In this embodiment, hyaluronic acid is both the water soluble portion and the binding portion, and the unsaturated carbon chain of glutaconic acid is the active portion.

Example 14 preparation of eight carbon saturated carbon chain-glucose Complex (Small molecule Water soluble portion + acting portion) and evaluation of Performance

This example uses octanoic acid to prepare a saturated fatty acid glucose complex, according to the following reaction example, formula 14-1:

the reaction process is as follows:

0.72mmol of octanoic acid, adding 0.72mmol of EDC and 0.72mmol of DMAP which are used as catalysts, and stirring and activating for 10min under ice bath to obtain activated octanoic acid; dissolving 1.44mmol of glucose in 10ml of deionized water, adding the solution into an activated octanoic acid solution, adjusting the pH value to 7.0-7.4 by NaOH, stirring the solution at room temperature for 12 hours to obtain a reaction product solution, carrying out chromatographic purification after the reaction is finished, adding the product solution into a Shephadex G10 chromatographic column (phi 26mm multiplied by 50cm), eluting the product solution by normal saline, carrying out flow rate of 50ml/h, collecting eluent step by step, detecting the eluent by a phenol-sulfuric acid method, and combining the 1 st elution peak to obtain a reaction product.

Thus obtaining the caprylic acid-glucose compound. The infrared spectrum of the prepared compound is shown in figure 19, and it can be seen from the figure that v is reserved after only hydroxyl of glucose is combined with n-caprylic acid _c-o Peak 1000-1250cm ^-1 And the ester bond formed by the octanoic acid and the glucose has the absorption peak from 1740cm due to the conjugation with the hydroxyl of the glucose molecule ^-1 The characteristic peak of carboxyl at the position moves to 1660cm along a short wave band ^-1 。

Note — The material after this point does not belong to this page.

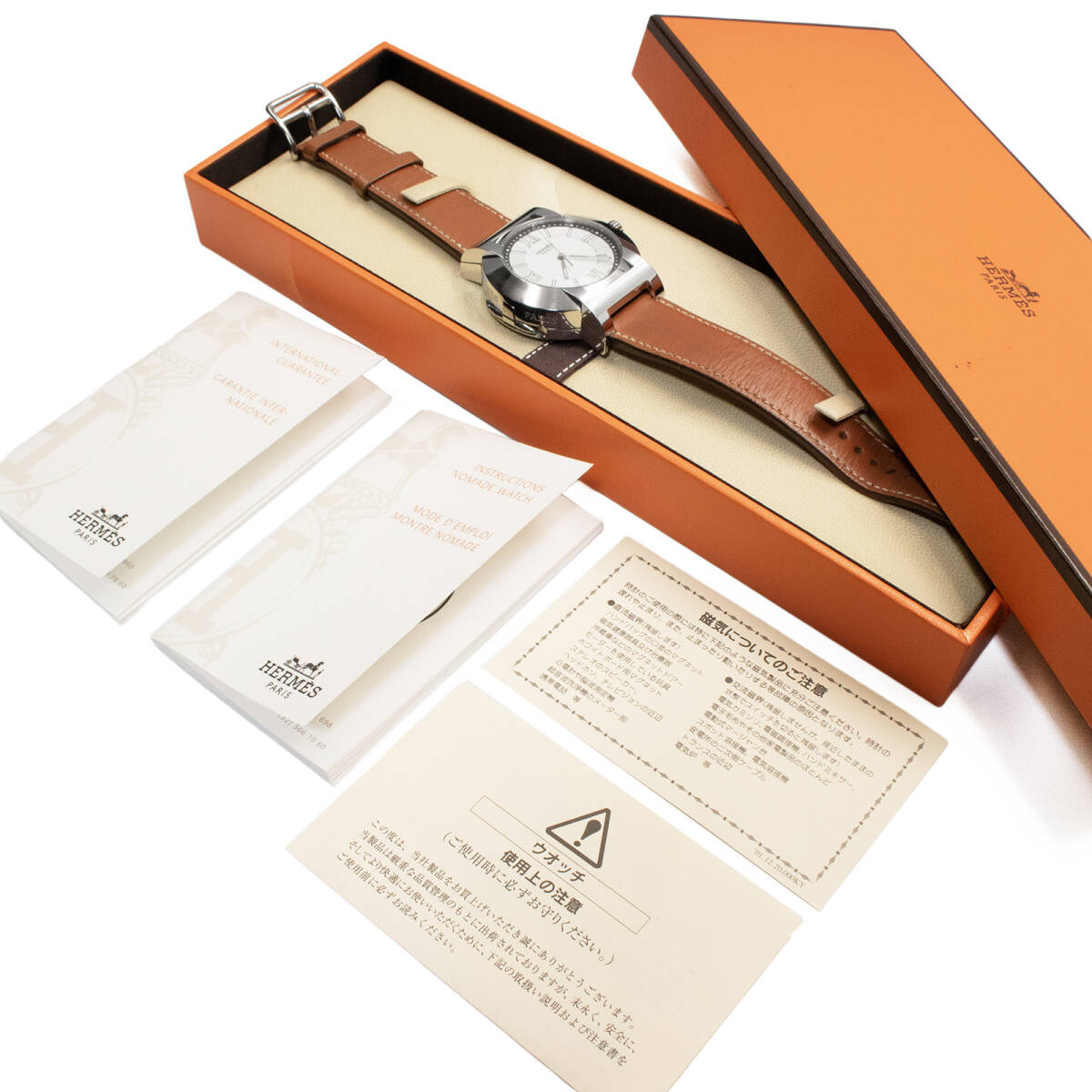 送料無料 エルメス 腕時計 オートクォーツ メンズ ノマードコンパス N02.910 白 茶色 大型 目立つ ロゴ マーク 革ベルト 蓄電池 綺麗 Q134

The inhibition rate of bacteria (such as staphylococcus aureus) is tested, and the test process is as follows: LB agar is used for preparing the culture medium according to the commercial specification, and the pH value is 7.2-7.4. Inoculum preparation and inoculation: diluting the bacteria to 10 ⁵ -10 ⁶ CFU, 100ul bacteria are taken, 900ul bacteria are added and diluted into liquid medicines with different concentrations, the liquid medicines are incubated for 2 hours at 37 ℃, then the solution is diluted by 100 times, 100ul bacteria are taken and spread on a flat plate, the liquid medicines are cultured for 16 to 24 hours at 37 ℃, bacterial colonies are counted, the bacteriostasis rate is calculated, the bacteriostasis result is shown in figure 20, when the concentration is 72mM to 9mM, the bacteriostasis rate is more than 99 percent, the antibacterial property is achieved, the half bacteriostasis concentration is 4.5Mm, and when the concentration is 4.5mM to 0.14mM, the bacteriostasis rate is calculated<50% and has no bacteriostatic property

In this example, glucose is both a water-soluble part and a binding part, and a fatty acid saturated carbon chain is an active part, and the bacteriostatic results of the complex are summarized in table 2-1.

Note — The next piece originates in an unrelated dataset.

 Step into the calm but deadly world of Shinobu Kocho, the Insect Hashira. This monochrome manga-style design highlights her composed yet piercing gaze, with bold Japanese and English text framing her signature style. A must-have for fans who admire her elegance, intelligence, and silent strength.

TABLE 2-1 Bactericidal and antibacterial Properties of eight carbon saturated carbon chain-glucose (9mM) (2h)

Testing microorganisms	Sterilizing rate (%)
		Escherichia coli	>99
Methicillin-resistant staphylococcus aureus	>99
		Streptococcus pneumoniae	>99
Klebsiella pneumoniae	>99
		Pseudomonas aeruginosa	>99

Example 15 preparation of eight carbon saturated carbon chain-sucrose Complex (Small molecule Water soluble fraction + functional fraction) and Performance evaluation

In this example, a saturated fatty acid sucrose complex was prepared from octanoic acid and reacted according to the following reaction example formula 15-1.

The reaction process is as follows:

0.72mmol of octanoic acid, 0.72mmol of EDC and 0.72mmol of DMAP as catalysts are added, and stirring and activation are carried out for 10min under ice bath; 0.24mmol of sucrose is dissolved in 10ml of deionized water, added into the activated octanoic acid solution, the pH value is adjusted to be 7.0-7.4 by NaOH, the solution is stirred and reacted for 12 hours at room temperature, and the octanoic acid-sucrose compound is obtained after the reaction product solution is purified according to the same operation as the embodiment 14. Is made ofThe infrared spectrum of the prepared complex is shown in FIG. 21, the sucrose molecule is 1700-1500cm ^-1 The wave band has no absorption peak, while the n-octanoic acid is 1700cm ^-1 Has a strong absorption peak, and 1700-1500cm in the new compound generated by the reaction of the two ^-1 Two strong absorption peaks appear in the wave band, and the conclusion is that the peak shifts to a low wave band due to the conjugation effect of the formed ester bond and the hydroxyl of the sucrose molecule.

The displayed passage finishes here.